Add the penne to the boiling water and cook until ‘al dente’, 10 minutes. TIP: 'Al dente' means the pasta is cooked through but still has a bit of firmness in the middle. Drain, reserving some pasta water (1/4 cup for 2 people / 1/2 cup for 4 people). Return the pasta to the pan.

toast pine nuts
3

While the pasta is cooking, heat a large frying pan over a medium-high heat. Add the pine nuts and toast, stirring, until golden, 3-4 minutes. Transfer to a small bowl.

add bacon
4

Return the frying pan to a medium-high heat with a drizzle of olive oil. Add the bacon and cook until browned, 6-7 minutes. Add the onion and broccoli and cook, stirring, until softened, 4-5 minutes.
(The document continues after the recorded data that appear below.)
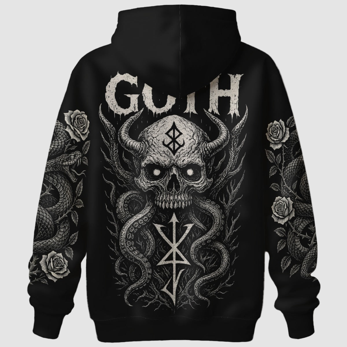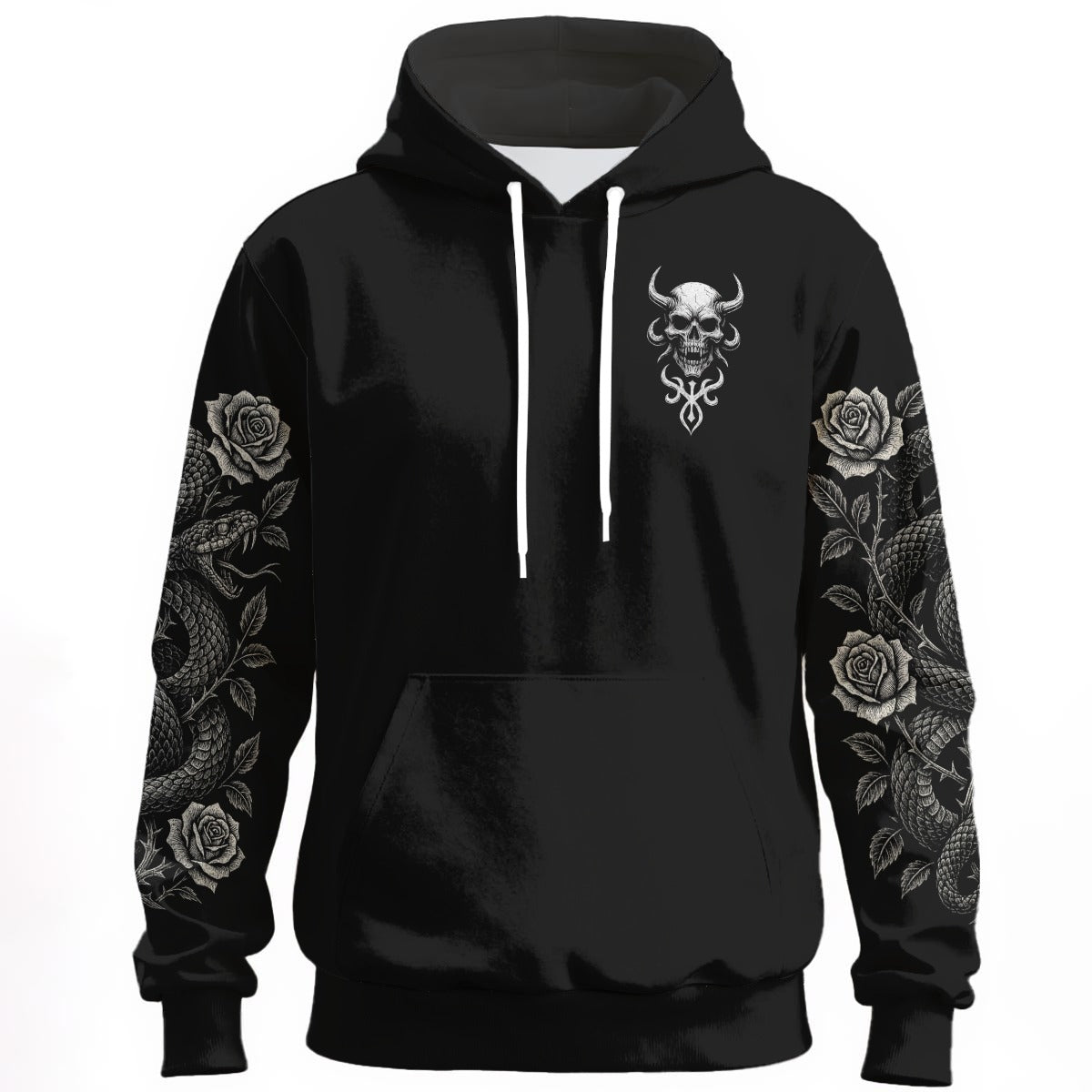 Exprima a sua individualidade com a exclusiva sweatshirt "The Serpent’s Oath" - criada a pensar nos amantes da estética gótica e da moda alternativa. O design escuro com motivo de caveira, serpentes e rosas simboliza força, mistério e paz interior. Não é apenas uma peça de roupa – é uma manifestação de estilo.
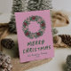 Wenn Sie eine einzigartige und schöne leicht bearbeitbare Weihnachtskarte suchen. Dieser ist perfekt für dich. Und wie Sie sehen, zeigt das Design einen handgefertigten und gezeichnet grünen Bandschleifer Kranz. Mit einer grünen Hand geschrieben Kalligraphie von MERRY CHRISTMAS. Und ein Grußteil in der Rückseite in einem heiligen Blätter und roten Beeren Rahmen. Alles Auf fett und hell rosa Hintergrund.
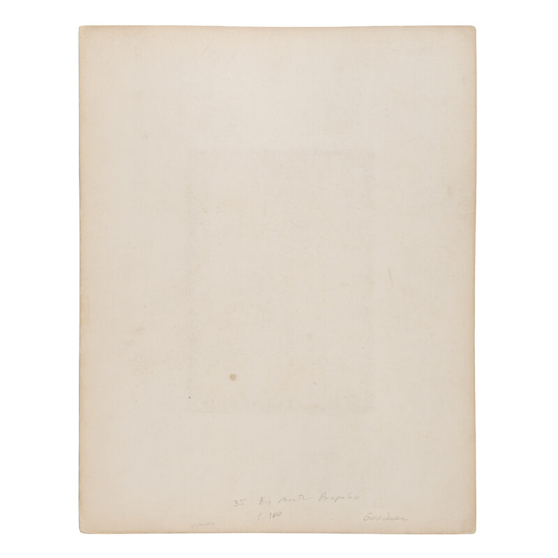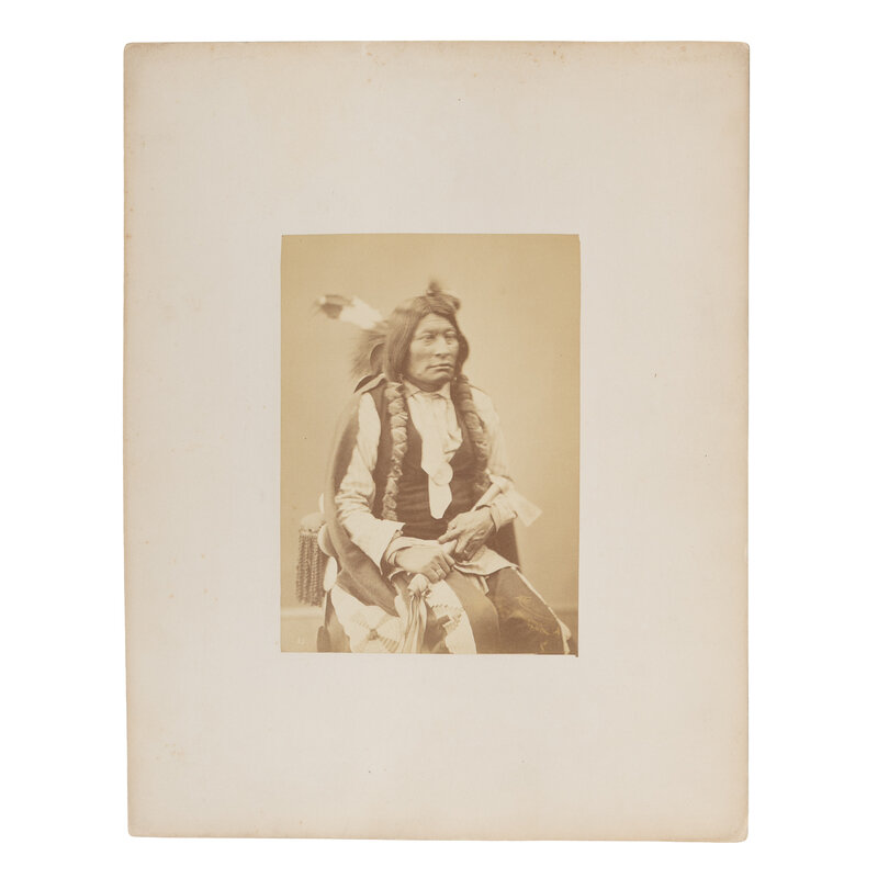 7 1/4 x 5 1/4 in. albumen photograph on 14 x 10 3/4 in. mount. Although uncredited, the photograph is attributed to Alexander Gardner, and was likely taken while Big Mount was on a delegation in Washington, DC, ca 1872. The subject wears a peace medal and holds a pipe-tomahawk.
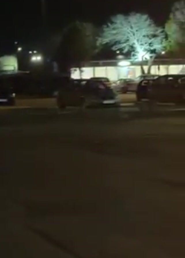 nighttime scene in a parking lot or street with parked cars. The camera is held by someone standing nearby, as indicated by the partially visible person in a patterned jacket at the beginning. The camera pans slowly to the right, focusing on a row of cars parked along the edge of a building. The building has illuminated windows, and figures can be seen moving inside. The overall lighting is dim, and the focus is slightly soft.
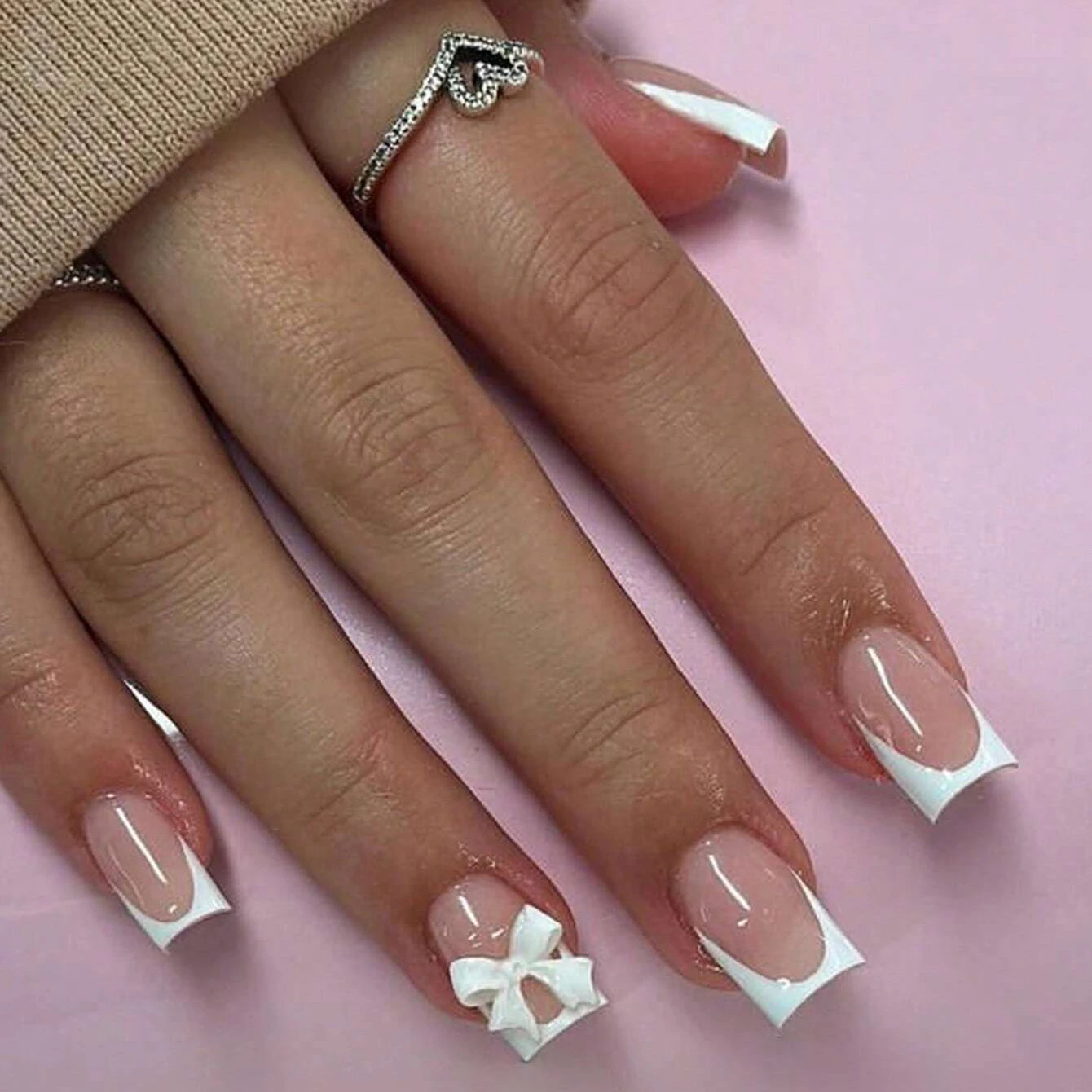 24pcs Medium Square White French Fake nails, Bow on nails Detachable And Reusable Jelly Glue 1pc Cuticle Pusher
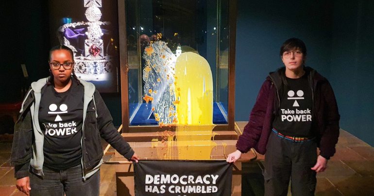 Organizácia Take Back Power objasnila, že touto formou protestu chcela upozorniť na svoje požiadavky. Skupina požaduje, aby bolo zriadené stále zhromaždenie občanov – „Snemovňa ľudu“ – s právomocou „zdaniť extrémne bohatých a napraviť Britániu“. Korunu nosí kráľ Karol III. pri niektorých oficiálnych príležitostiach, napríklad pri otvorení parlamentu. Mal ju nasadenú aj pri návrate do Buckinghamského paláca po korunovácii vo Westminsterskom opátstve v roku 2023.
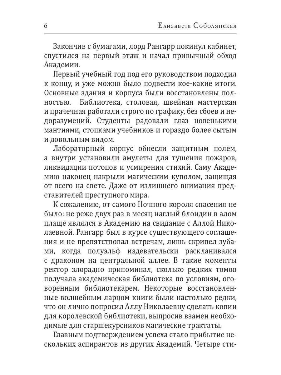 Алла Николаевна выходит замуж и как настоящая женщина, желает, чтобы все вокруг были счастливы! Особенно ректор! Особенно потому, что он никого не желает видеть! Арреми Блэйтин, драконица без дракона, прячется в Академии, чтобы скрыться от мужа-злодея. Это он лишил ее возможности подняться в небо. Мастер-библиотекарь узнает о свершившейся несправедливости, и делает все, чтобы Арреми обрела крылья. Только вот для этого нужен сильный дракон! Кто если не ректор Рангарр поможет аспирантке Академии Драконов?| Издательство | Т8 RUGRAM |
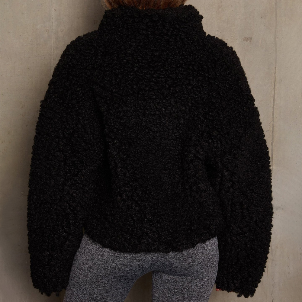 - Long sleeve.2 slant pockets.turn down collar.warm fashion lounge cropped fleece fuzzy jacket for winter
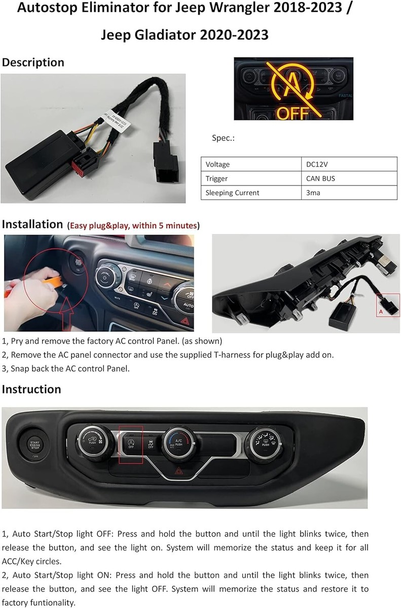 Auto Start Stop Eliminator Compatible with Jeep Wrangler 2018-2023/Gladiator 2020-2023 Engine Automatic A-Off Start Stop Function Plug Play
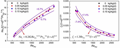 濕工質(zhì)中的含濕量顯著影響微通道回?zé)崞鞯膿Q熱性能,為了分析含濕量的定量影響,研究人員構(gòu)建了翼型-直通道新型耦合流動(dòng)換熱單元三維數(shù)理模型,討論了含濕量、流量和溫度等因素對耦合換熱的影響規(guī)律,對比了翼型結(jié)構(gòu)與直通道、之字形結(jié)構(gòu)的綜合流動(dòng)換熱性能。研究表明,增加含濕量可以提高高壓空氣的整體流動(dòng)換熱特性;在等泵功的條件下,交錯(cuò)排列的翼型翅片相比較于直通道和之字形通道具有最好的熱工水力特性?;诟晒べ|(zhì)經(jīng)驗(yàn)關(guān)聯(lián)式,引入含濕量強(qiáng)化換熱因子,建立了高溫含濕煙氣和高壓濕空氣流動(dòng)換熱特性與含濕量的定量關(guān)聯(lián)式,定量描述了含濕量對傳熱和壓降特性的影響規(guī)律(見圖2)。

Add the garlic and lemon zest and cook until softened and fragrant, 2 minutes.

bring it together
5

Add the baby spinach leaves to the frying pan and stir through until slightly wilted. Add the cooked penne and red pesto and toss to combine. Add a splash of pasta water to help the sauce coat the pasta. Add a generous squeeze of lemon juice. TIP: Seasoning is key in this dish, so taste and season with salt, pepper or lemon juice if you wish!

serve up
6

Divide the red pesto and bacon penne between bowls. Crumble over the feta and sprinkle with the pine nuts and a pinch of chilli flakes (if using).